* **EXERCISE INSTRUCTIONS**
Only the lines from the first line of the records through the line containing "Double Pointed , 75" belong in the answer. Copy them exactly.

(Stored data)
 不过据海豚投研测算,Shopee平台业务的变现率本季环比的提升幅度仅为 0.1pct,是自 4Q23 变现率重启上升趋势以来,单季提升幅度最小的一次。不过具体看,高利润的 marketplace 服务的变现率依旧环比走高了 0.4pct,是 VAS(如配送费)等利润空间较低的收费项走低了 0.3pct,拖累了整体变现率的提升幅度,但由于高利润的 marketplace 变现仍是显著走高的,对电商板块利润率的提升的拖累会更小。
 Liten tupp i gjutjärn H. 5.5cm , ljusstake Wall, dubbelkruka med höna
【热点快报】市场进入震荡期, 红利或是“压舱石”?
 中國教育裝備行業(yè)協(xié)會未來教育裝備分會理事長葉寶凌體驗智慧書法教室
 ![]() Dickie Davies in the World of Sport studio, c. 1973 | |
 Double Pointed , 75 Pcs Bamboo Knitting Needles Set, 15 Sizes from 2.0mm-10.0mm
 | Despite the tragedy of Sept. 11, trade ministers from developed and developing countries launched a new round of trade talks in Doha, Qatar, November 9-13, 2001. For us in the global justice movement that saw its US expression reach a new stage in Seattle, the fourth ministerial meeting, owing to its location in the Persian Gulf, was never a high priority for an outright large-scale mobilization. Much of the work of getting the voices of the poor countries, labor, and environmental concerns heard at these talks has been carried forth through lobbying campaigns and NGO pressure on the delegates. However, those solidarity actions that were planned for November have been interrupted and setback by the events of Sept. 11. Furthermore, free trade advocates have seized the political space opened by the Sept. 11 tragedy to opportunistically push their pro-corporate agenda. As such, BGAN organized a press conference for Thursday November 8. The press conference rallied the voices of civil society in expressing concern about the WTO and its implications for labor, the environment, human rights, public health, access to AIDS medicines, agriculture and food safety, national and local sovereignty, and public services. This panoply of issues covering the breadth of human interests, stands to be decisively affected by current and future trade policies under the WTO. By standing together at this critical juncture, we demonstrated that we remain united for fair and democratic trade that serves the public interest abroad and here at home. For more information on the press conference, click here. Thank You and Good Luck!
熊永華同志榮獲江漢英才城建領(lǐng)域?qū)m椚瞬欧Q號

* **OUTPUT FOR THIS TASK**
 不过据海豚投研测算,Shopee平台业务的变现率本季环比的提升幅度仅为 0.1pct,是自 4Q23 变现率重启上升趋势以来,单季提升幅度最小的一次。不过具体看,高利润的 marketplace 服务的变现率依旧环比走高了 0.4pct,是 VAS(如配送费)等利润空间较低的收费项走低了 0.3pct,拖累了整体变现率的提升幅度,但由于高利润的 marketplace 变现仍是显著走高的,对电商板块利润率的提升的拖累会更小。
 Liten tupp i gjutjärn H. 5.5cm , ljusstake Wall, dubbelkruka med höna
【热点快报】市场进入震荡期, 红利或是“压舱石”?
 中國教育裝備行業(yè)協(xié)會未來教育裝備分會理事長葉寶凌體驗智慧書法教室
 ![]() Dickie Davies in the World of Sport studio, c. 1973 | |
 Double Pointed , 75 Pcs Bamboo Knitting Needles Set, 15 Sizes from 2.0mm-10.0mm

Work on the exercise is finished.